Animals Make Us Human

Animals Make Us Human PDF Author: Temple Grandin
Publisher: Houghton Mifflin Harcourt
ISBN: 0151014892
Category : Nature
Languages : en
Pages : 355

Book Description
The author of "Animals in Translation" employs her own experience with autism and her background as an animal scientist to show how to give animals the best and happiest life.

Thinking Animals

Thinking Animals PDF Author: Paul Shepard
Publisher: University of Georgia Press
ISBN: 0820342343
Category : Nature
Languages : en
Pages : 295

Book Description
In a world increasingly dominated by human beings, the survival of other species becomes more and more questionable.
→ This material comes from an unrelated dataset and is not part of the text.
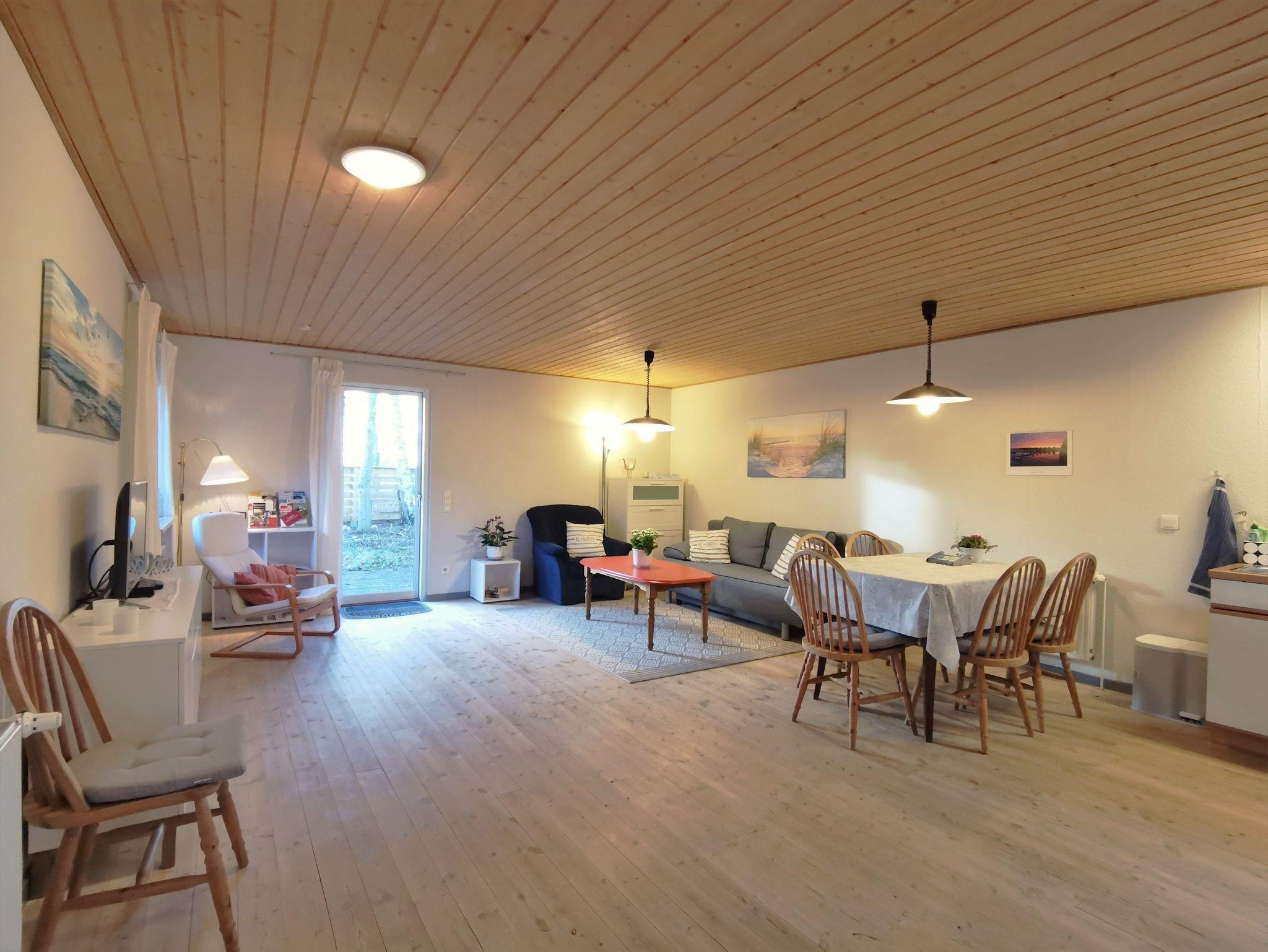 Das Häuschen besteht aus einem großen Wohnraum mit Sofa, Sessel, offener Küche und Essecke sowie einem kleinen Schlafzimmer mit zwei Einzelbetten und einem Badezimmer mit Dusche und Fußbodenheizung. Vom Wohnzimmer aus erreicht man die möblierte Terrasse und den kleinen Garten.

In this brilliant book, Paul Shepard offers a provocative alternative to an "us or them" mentality, proposing that other species are integral to humanity's evolution and exist at the core of our imagination. This trait, he argues, compels us to think of animals in order to be human. Without other living species by which to measure ourselves, Shepard warns, we would be less mature, care less for and be more careless of all life, including our own kind.

Mindreading Animals

Mindreading Animals PDF Author: Robert W. Lurz
Publisher: MIT Press
ISBN: 0262297418
Category : Psychology
Languages : en
Pages : 264

Book Description
A comprehensive examination of a hotly debated question proposes a new model for mindreading in animals and a new experimental approach. Animals live in a world of other minds, human and nonhuman, and their well-being and survival often depends on what is going on in the minds of these other creatures. But do animals know that other creatures have minds? And how would we know if they do? In Mindreading Animals, Robert Lurz offers a fresh approach to the hotly debated question of mental-state attribution in nonhuman animals. Some empirical researchers and philosophers claim that some animals are capable of anticipating other creatures' behaviors by interpreting observable cues as signs of underlying mental states; others claim that animals are merely clever behavior-readers, capable of using such cues to anticipate others' behaviors without interpreting them as evidence of underlying mental states. Lurz argues that neither position is compelling and proposes a way to move the debate, and the field, forward. Lurz offers a bottom-up model of mental-state attribution that is built on cognitive abilities that animals are known to possess rather than on a preconceived view of the mind applicable to mindreading abilities in humans. Lurz goes on to describe an innovative series of new experimental protocols for animal mindreading research that show in detail how various types of animals—from apes to monkeys to ravens to dogs—can be tested for perceptual state and belief attribution.